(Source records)
* * * *

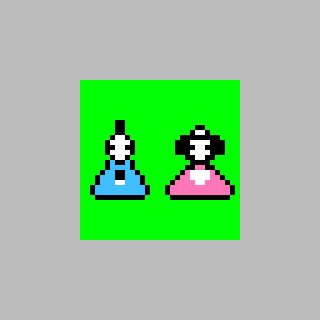 カナヘイさんのピスケとうさぎ。ピスケのクチバシの黄色を使うためにほっぺを濃いピンクにせざるを得なかった。 #ドット絵 #pixelart #edgetouch #ファミコン風ドット絵 #ピスケとうさぎ #カナヘイ
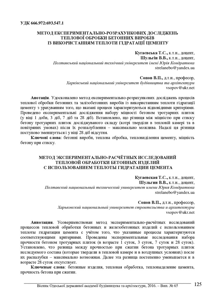 2017/03/22Метод експериментально-розрахункових досліджень теплової обробки бетонних виробів із використанням теплоти гідратації цементу
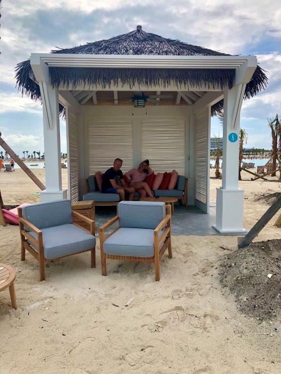 Het privé eiland was net opgeleverd dat was duidelijk zichtbaar er moest nog veel gebeuren en de boel moest nog flink groeien. Ze waren al een heel eind op weg toen het eilandje dit jaar keihard getroffen werd door Orkaan Dorian en daarvoor door orkaan Irma. Maar ondanks dat zag het er al geweldig uit. Overal stonden palmen, witte stranden, blauwe baaien, hangmatten en heerlijke tropische muziek.
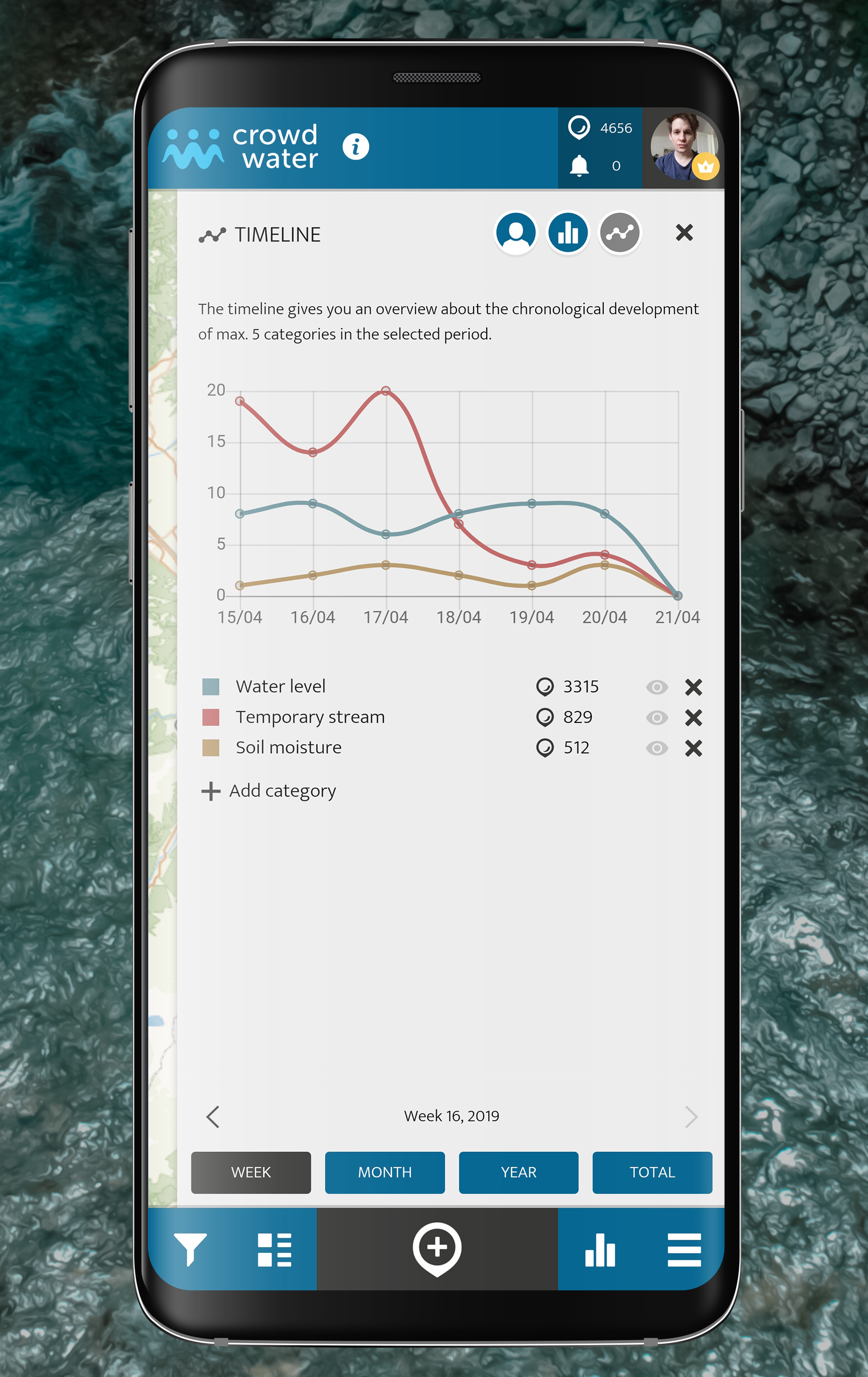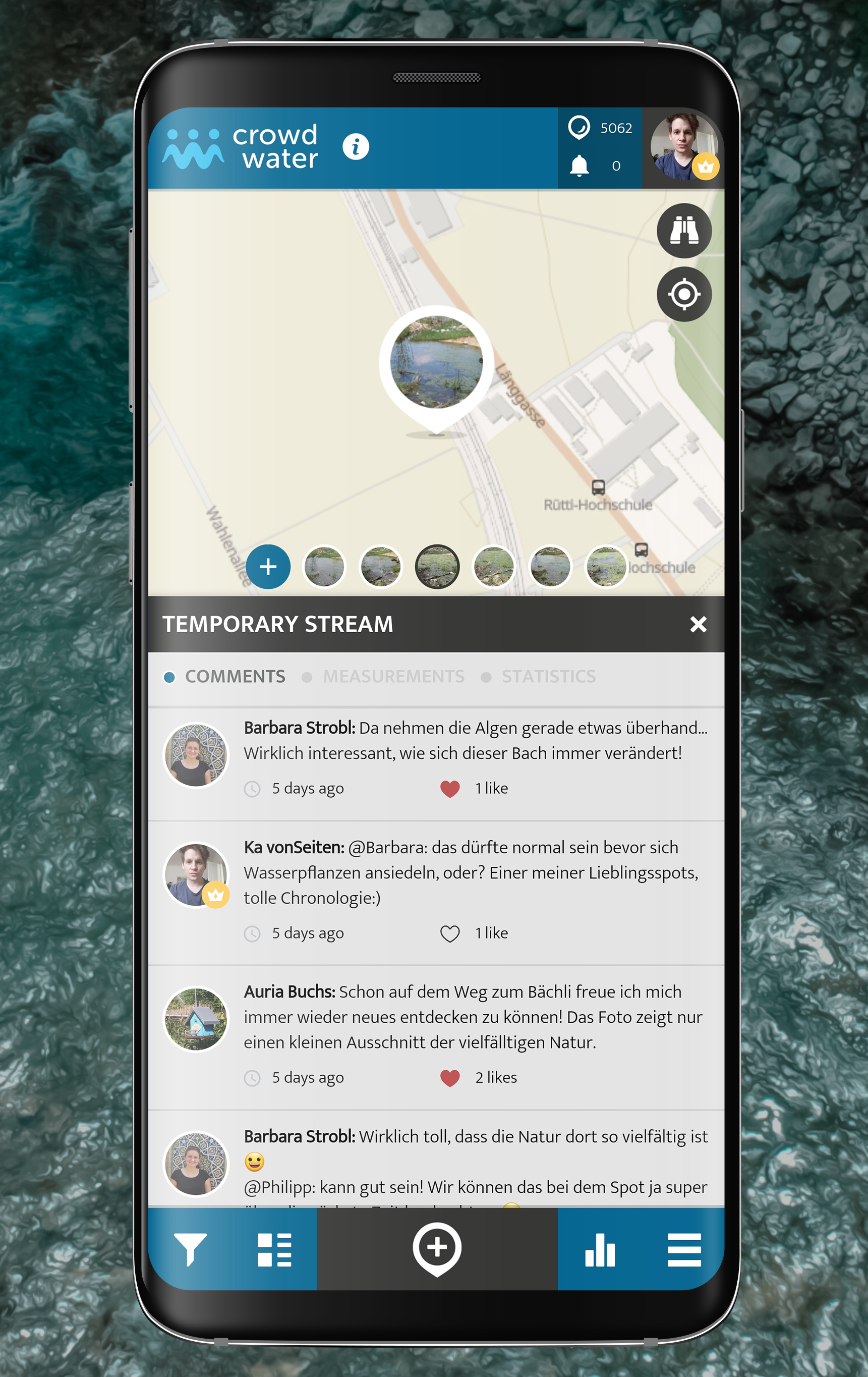 With the CrowdWater Citizen Science app, you can observe rivers and collect hydrological data, including water level, streamflow and soil moisture data, as well as data about the dynamics of temporary streams, plastic pollution and general stream type data.
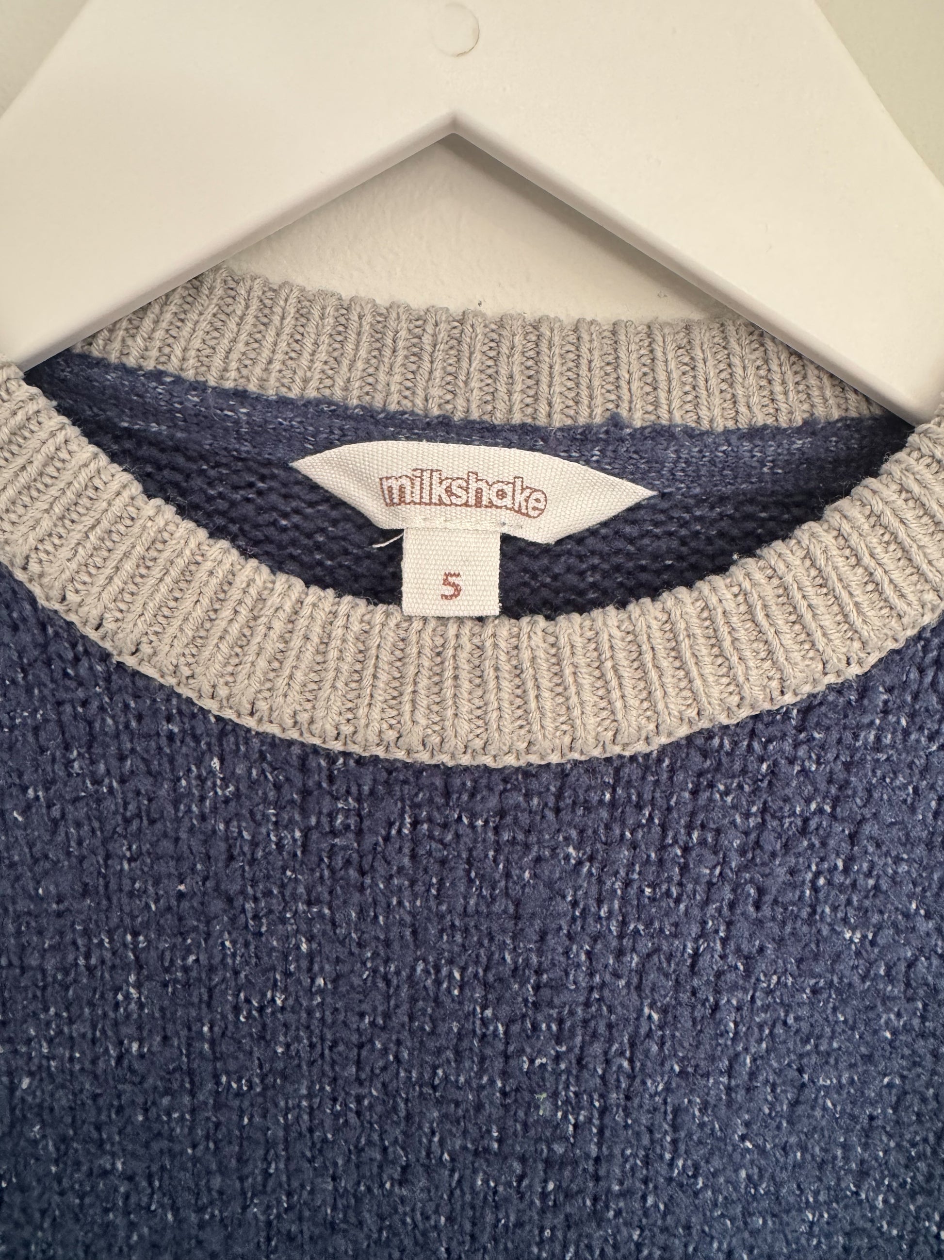 Super cool navy knit jumper from Milkshake featuring a playful green dinosaur design with fun textured details. Soft and cosy with grey ribbed cuffs and hem for a snug fit. Size 5. Excellent condition – no marks or signs of wear.
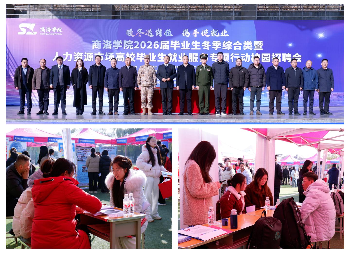 12月5日,今年会官网顺利举办2026届毕业生冬季综合类暨人力资源市场高校毕业生就业服务专项行动校园招聘会。校党委副书记王新军、湖州市人社局副局长朱新江、商洛市人社局副局长沈礼军、商洛市人才中心主任张占宏等出席活动并现场指导工作。
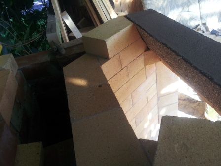 Kamina väliskorpust eraldab koldest ca. 10mm paksune villakiht nii külgedelt kui pealt. Kui vaadata kaminat pealtpoolt, siis viimaste telliste all jookseb nurkraud, millele on antud mänguruumi pikkuses (otsad mähitud klaasriidesse, ja omakorda pehmendatud villaga). Järgi jääb muidugi paisumine paksuses, aga sellega ei oska ma enam midagi teha.
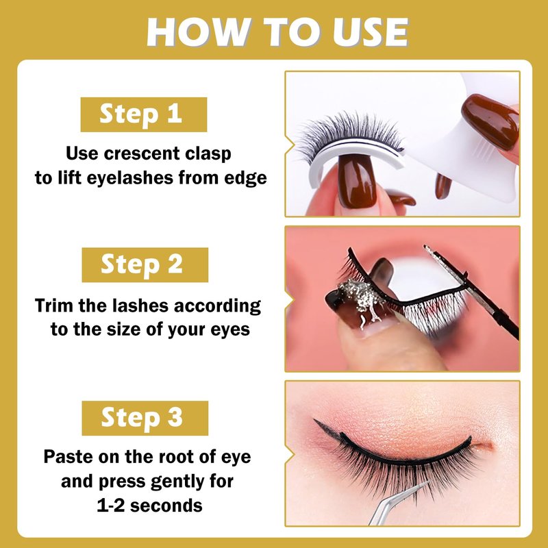 - 【How to Use】1. You can use the crescent card to gently remove it from the root of the eyelashes (note:our hands should not touch the tape, which will affect the stickiness of the tape); 2. You can trim the excess on both sides according to your eye shape; 3. Place the adhesive strip directly at the root of the upper eyelid, middle of eye first, then the head of the eye, and finally the end of the eye.e.
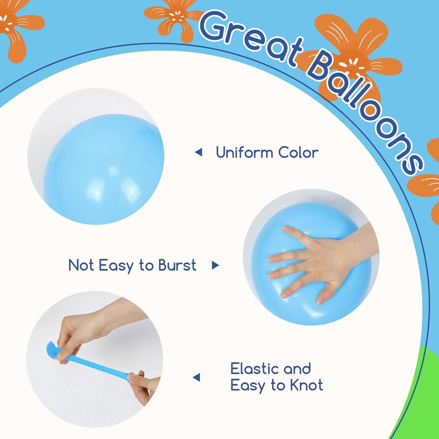 • Great Balloons: The blue and orange balloons are made of great latex, which is thick and not easy to pop. They can be filled with air or helium, lasting a long time when properly inflated. To ensure the good experience, inflate quickly with a balloon pump and avoid overinflating to maintain their shape
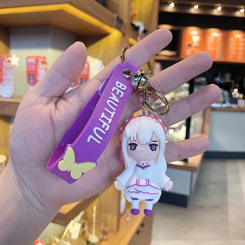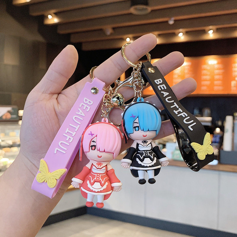 Couple ladies cartoon cute creative personality car key chain pendant bag hanging decoration girl drop glue key button
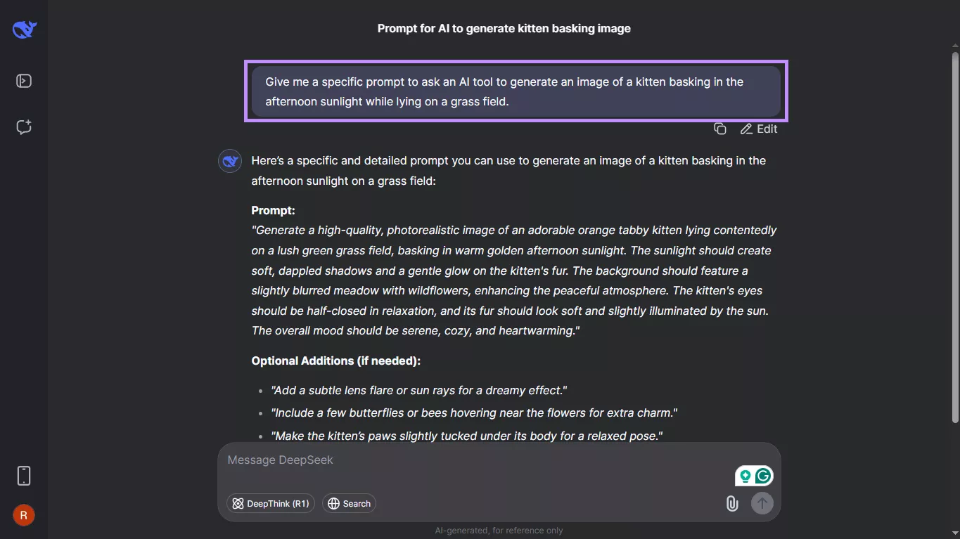 But creating such prompts can be tricky, right? To make things easier, you can generate quality prompts to chat with Deepseek AI. Then, use them to create images with Janus.
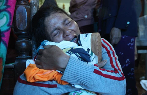 “Con ơi, sao con không dậy đi học, sao con cứ ngủ hoài vậy con ơi. Mẹ đứt hết ruột gan rồi con có biết hay không”. Bà Võ Thị Minh (thôn 6, xã Tiên Cảnh, huyện Tiên Phước, Quảng Nam) - mẹ của nam sinh Nguyễn Văn Tín (11 tuổi) khóc khô nước mắt sau khi đưa xác con trai tử nạn trở về nhà.
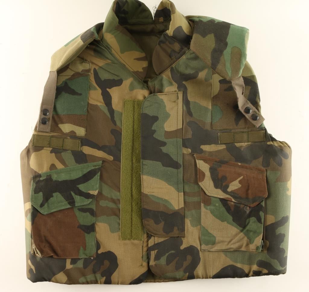 Military issue green camo bullet proof vest in like new condition. Size Large.
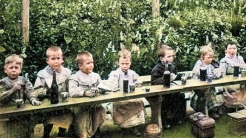 მიიჩნეოდა, რომ ალკოჰოლი კარგად აცხელებს და კლავს მიკრობებს. ამიტომ, ბავშვებს შორის ავადმყოფობები რომ შეემცირებინათ, ალკოჰოლს იშველიებდნენ. მე-20 საუკუნის ნებისმიერი ასაკის მოსწავლეს დღეში 4 ჭიქამდე სასმლის დალევის უფლება ჰქონდა: სიდრის, ღვინის ან ლუდის. რა თქმა უნდა, სასმელს წყლით აზავებდნენ, რომ ბავშვებს ყელი არ ჩასწვოდათ და მშვიდად დაელიათ. ყველა შესვენებაზე სასადილოებში თბილ სასმელს არიგებდნენ, ჩაისა და კომპოტის ნაცვლად.
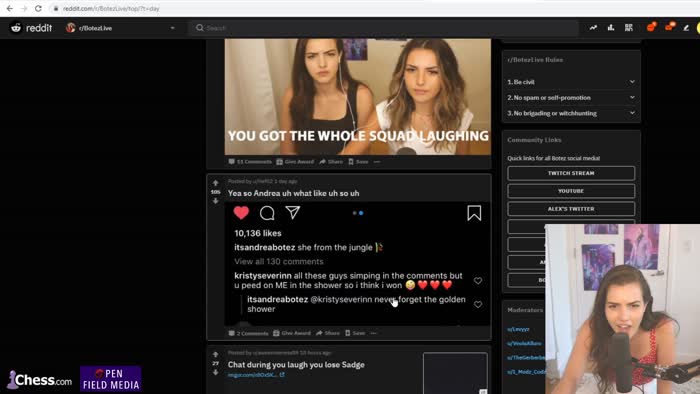 Andrea Botez, 22, is a Canadian chess prodigy and internet sensation. Born on April 6, 2002, in Vancouver, Canada, she's a streamer on Twitch who shares her nipslip and underboob moves while playing chess. Her remixes of techno tracks are popular among fans. She frequently posts nudes on social media, showcasing her body. She's now a well-known chess player with over 12 million followers on TikTok, where she shares videos of her chess matches, body shots, and behind-the-scenes content. Her sister Alexandra Botez is also a skilled chess player. Nude twitch girl itsandreabotez twitch nip slips on live streams latest leaks. The latest leaks of sexy twitch model andrea botez is undressing her rear on girl pictures and bikini premium content leaks from from June 2025 watch for free on bitchesgirls.com. Thot itsandreabotez gonewild. Andrea botez sex official video. Do you know what is real name of itsandreabotez?. She is definetly older than 18, but do you know what is andrea botez age?
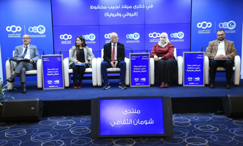 عاينت ندوة نظمها المنتدى الثقافي في مؤسسة عبد الحميد شومان، مساء أمس، مجموعة من الأعمال الأدبية والروائية لنجيب محفوظ بمناسبة ذكرى ميلاده الـ 114، بحضور نخبة من الأدباء والكتاب والمعنيين.
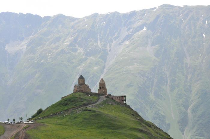 Вся Степанцминда живет этими достопримечательностями. Весь поселок ездит на Мицубиси Деликах. Ими же доставляет желающих на гору. Мы сами залезли на нашем Рекстоне.Пешим тоже можно добраться, но восхождение тяжелое. Красота неописуемая. Как оказалось, людишки мы «так себе»))), потому как Казбек показывает макушку, по местным преданиям, только очень хорошим людям. Эти места чудесно описал А.С. Пушкин (данные рифмы фигурируют во всех отчетах о посещении Гергети, вот и я не буду из «серой массы» выделяться))):
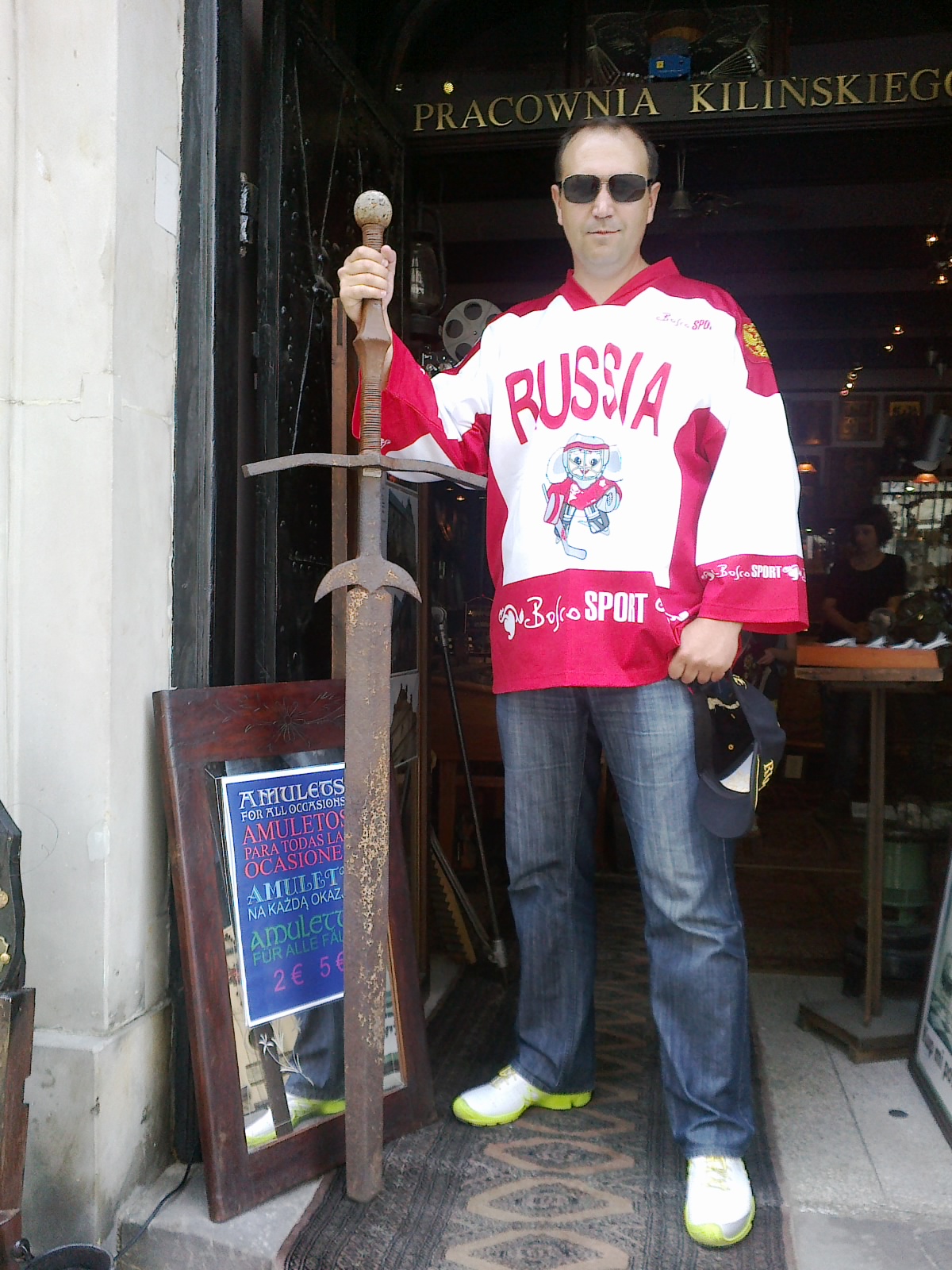 У меня самого была выдержанная в нужной тональности бело-красный хоккейный свитер, не выбивающийся из общей цветовой гаммы польской толпы, а вот он выглядел вызывающе. Это оценил не только я, тут же снявший с себя свитер и напяливший его на своего товарища поверх его одежды, но и окружающие, плотно нас обступившие при первых звуках взрывов. Граждане Польши закрыли нас своими фигурами на время переодевания и даже презентовали свой шарф со словами: «Будешь теперь Польска!» Виктор приобрел надлежащий вид, я остался в обычной белой майке и мы растворились в бело-красной массе.

* * * *

Your objective – Nothing but the lines above, starting at the line that contains "Het privé eiland" and ending at the line that contains "With the CrowdWater", should be given again, exactly and without the pictures.

Result of the task –
 Het privé eiland was net opgeleverd dat was duidelijk zichtbaar er moest nog veel gebeuren en de boel moest nog flink groeien. Ze waren al een heel eind op weg toen het eilandje dit jaar keihard getroffen werd door Orkaan Dorian en daarvoor door orkaan Irma. Maar ondanks dat zag het er al geweldig uit. Overal stonden palmen, witte stranden, blauwe baaien, hangmatten en heerlijke tropische muziek.
 With the CrowdWater Citizen Science app, you can observe rivers and collect hydrological data, including water level, streamflow and soil moisture data, as well as data about the dynamics of temporary streams, plastic pollution and general stream type data.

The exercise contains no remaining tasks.